◆ Problem description: In this exercise, the entries below include pictures. Repeat exactly the lines from the line with "7. Mechanical keys" to the line with "Tanpa harus mendarat, helikopter", including both, but without the pictures.

◆ Information supplied:
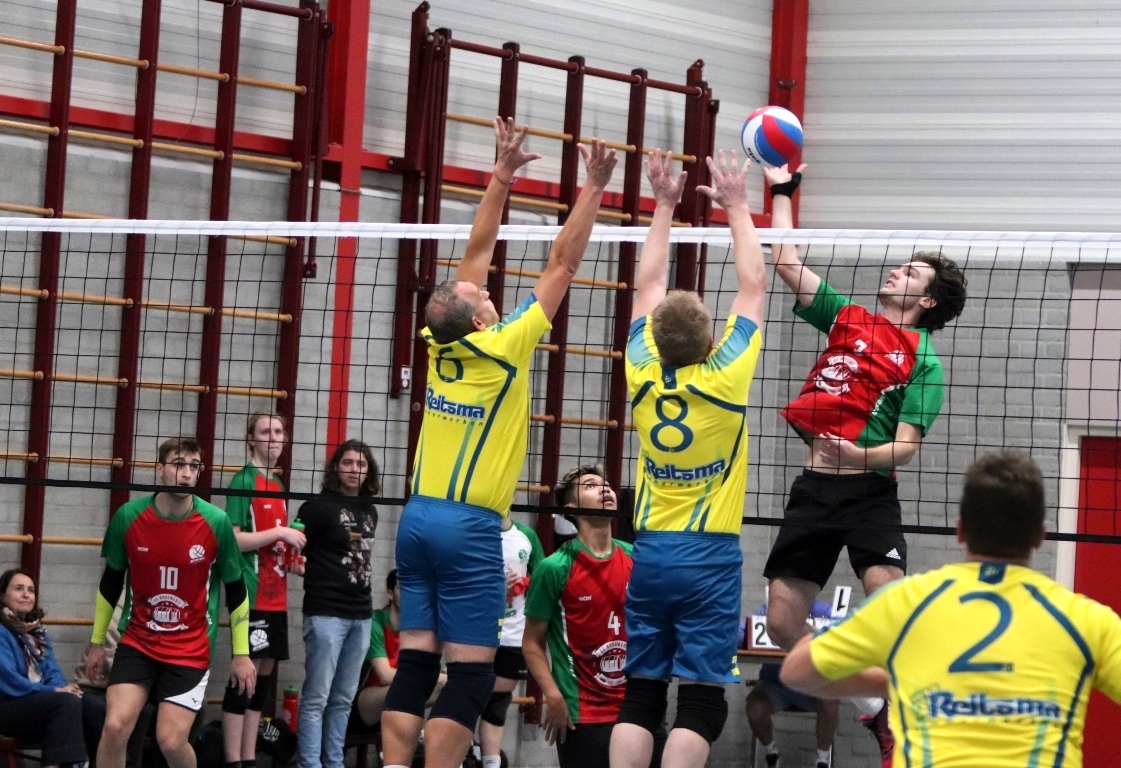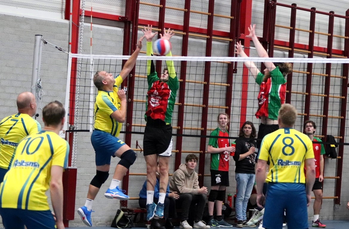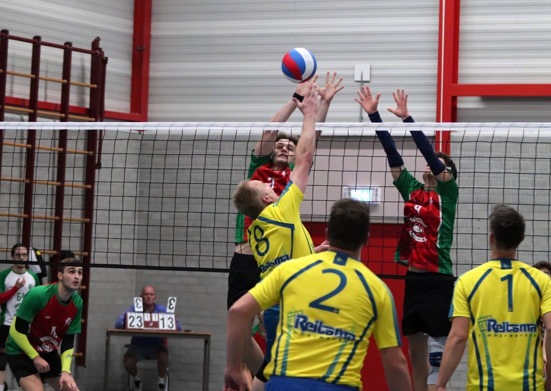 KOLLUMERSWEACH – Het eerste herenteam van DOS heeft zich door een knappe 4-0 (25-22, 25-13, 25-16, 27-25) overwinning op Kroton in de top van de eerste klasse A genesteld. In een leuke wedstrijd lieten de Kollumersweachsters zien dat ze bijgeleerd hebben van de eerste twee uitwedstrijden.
...
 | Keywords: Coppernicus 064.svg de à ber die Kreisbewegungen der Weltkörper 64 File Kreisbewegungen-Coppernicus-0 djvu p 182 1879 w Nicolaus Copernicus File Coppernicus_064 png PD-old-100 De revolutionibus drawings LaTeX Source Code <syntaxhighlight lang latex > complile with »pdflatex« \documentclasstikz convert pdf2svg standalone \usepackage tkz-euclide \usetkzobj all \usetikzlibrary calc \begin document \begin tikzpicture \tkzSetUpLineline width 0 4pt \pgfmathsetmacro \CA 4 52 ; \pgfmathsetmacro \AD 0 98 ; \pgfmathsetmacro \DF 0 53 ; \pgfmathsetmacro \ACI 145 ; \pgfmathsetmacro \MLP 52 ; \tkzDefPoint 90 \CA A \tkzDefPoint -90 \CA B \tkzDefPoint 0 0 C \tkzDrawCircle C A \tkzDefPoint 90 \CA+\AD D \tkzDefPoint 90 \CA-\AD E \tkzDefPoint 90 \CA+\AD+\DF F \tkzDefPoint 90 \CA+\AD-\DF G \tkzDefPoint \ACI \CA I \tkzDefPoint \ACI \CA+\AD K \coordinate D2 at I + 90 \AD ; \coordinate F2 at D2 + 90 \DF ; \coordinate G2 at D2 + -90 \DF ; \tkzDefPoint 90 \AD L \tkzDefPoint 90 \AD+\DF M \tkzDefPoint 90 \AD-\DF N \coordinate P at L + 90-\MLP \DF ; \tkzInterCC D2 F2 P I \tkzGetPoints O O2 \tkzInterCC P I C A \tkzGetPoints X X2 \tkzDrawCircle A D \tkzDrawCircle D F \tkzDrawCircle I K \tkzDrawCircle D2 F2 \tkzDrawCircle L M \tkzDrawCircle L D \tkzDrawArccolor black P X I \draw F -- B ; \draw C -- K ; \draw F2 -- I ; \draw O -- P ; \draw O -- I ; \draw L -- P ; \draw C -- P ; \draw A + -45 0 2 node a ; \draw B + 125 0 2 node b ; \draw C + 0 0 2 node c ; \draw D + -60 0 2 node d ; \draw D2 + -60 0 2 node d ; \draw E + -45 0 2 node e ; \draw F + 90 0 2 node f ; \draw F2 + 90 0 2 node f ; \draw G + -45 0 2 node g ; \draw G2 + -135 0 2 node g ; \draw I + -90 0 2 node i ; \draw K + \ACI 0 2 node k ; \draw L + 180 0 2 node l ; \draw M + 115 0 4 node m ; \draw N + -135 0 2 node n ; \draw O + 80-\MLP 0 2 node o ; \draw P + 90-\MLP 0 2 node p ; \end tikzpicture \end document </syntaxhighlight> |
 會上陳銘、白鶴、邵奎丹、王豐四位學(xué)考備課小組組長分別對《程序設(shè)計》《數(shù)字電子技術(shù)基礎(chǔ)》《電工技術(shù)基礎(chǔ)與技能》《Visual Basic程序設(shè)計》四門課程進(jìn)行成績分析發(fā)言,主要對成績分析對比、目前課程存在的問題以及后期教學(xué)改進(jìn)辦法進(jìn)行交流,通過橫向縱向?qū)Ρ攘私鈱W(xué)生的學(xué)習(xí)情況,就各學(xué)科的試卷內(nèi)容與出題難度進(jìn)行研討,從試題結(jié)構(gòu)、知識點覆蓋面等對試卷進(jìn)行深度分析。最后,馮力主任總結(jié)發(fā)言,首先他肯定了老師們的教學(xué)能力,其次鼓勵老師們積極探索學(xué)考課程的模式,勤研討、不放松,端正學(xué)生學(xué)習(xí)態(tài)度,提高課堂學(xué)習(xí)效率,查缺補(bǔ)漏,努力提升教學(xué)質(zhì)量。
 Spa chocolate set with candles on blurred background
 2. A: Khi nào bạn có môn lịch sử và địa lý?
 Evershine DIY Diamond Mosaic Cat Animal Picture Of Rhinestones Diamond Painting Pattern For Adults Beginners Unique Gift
--
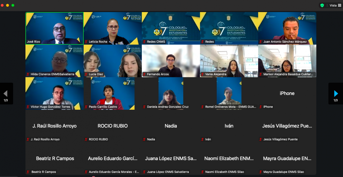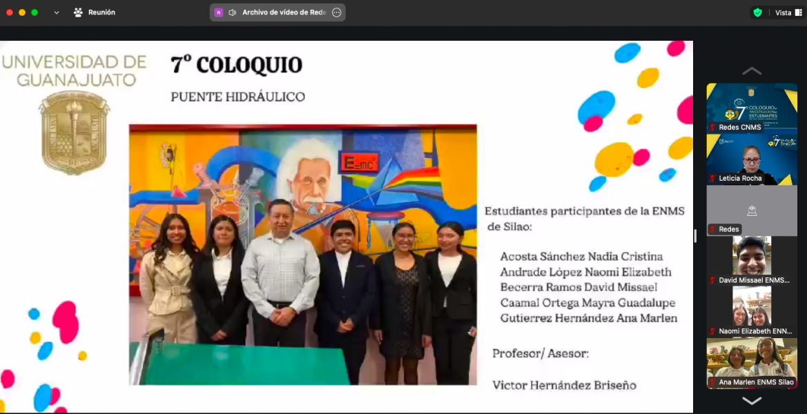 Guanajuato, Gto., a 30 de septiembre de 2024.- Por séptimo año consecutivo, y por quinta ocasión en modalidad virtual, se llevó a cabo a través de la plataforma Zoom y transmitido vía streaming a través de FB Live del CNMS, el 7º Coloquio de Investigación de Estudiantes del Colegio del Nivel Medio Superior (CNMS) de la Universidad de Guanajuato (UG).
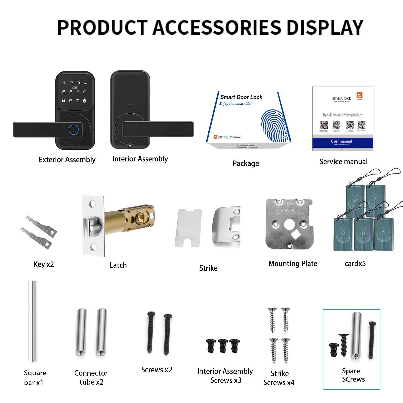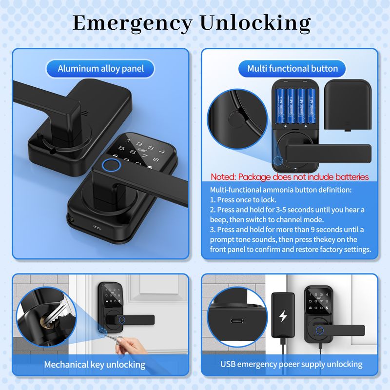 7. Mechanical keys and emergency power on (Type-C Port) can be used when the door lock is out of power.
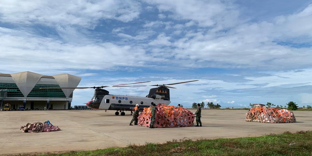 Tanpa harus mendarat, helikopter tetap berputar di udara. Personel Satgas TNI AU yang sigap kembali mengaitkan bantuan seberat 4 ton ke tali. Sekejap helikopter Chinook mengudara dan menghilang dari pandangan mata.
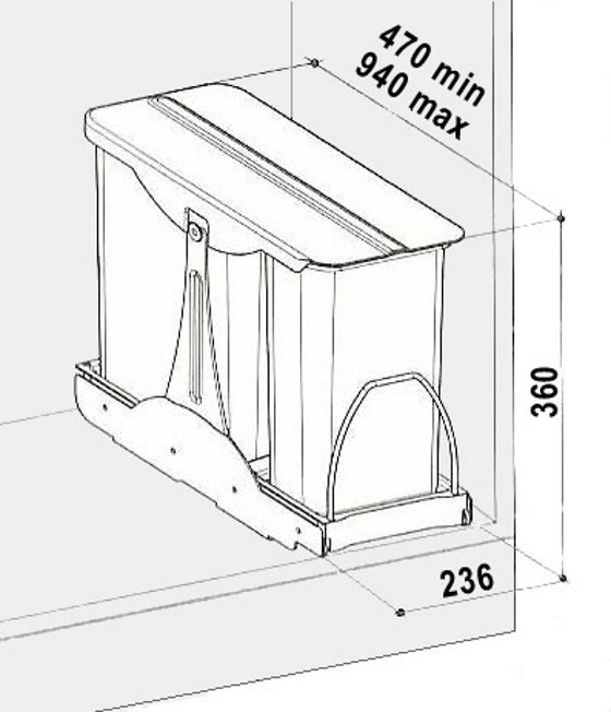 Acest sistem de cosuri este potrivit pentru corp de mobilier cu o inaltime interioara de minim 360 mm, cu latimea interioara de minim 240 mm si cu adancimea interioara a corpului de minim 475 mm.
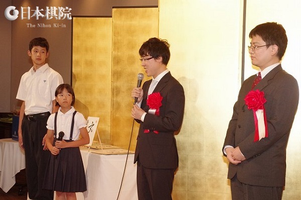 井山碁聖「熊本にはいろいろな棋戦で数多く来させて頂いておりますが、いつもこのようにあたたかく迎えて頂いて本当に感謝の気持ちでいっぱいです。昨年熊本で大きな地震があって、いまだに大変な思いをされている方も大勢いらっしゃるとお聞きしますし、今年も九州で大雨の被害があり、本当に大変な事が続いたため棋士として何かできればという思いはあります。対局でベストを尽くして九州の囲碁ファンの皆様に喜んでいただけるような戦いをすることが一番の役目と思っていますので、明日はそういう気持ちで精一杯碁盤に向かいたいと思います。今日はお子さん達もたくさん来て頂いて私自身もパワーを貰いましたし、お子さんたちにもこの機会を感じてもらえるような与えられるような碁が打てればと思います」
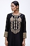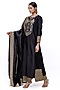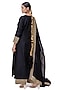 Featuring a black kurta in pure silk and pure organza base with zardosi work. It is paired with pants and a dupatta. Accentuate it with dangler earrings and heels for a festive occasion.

◆ Answer for the task:
 7. Mechanical keys and emergency power on (Type-C Port) can be used when the door lock is out of power.
 Tanpa harus mendarat, helikopter tetap berputar di udara. Personel Satgas TNI AU yang sigap kembali mengaitkan bantuan seberat 4 ton ke tali. Sekejap helikopter Chinook mengudara dan menghilang dari pandangan mata.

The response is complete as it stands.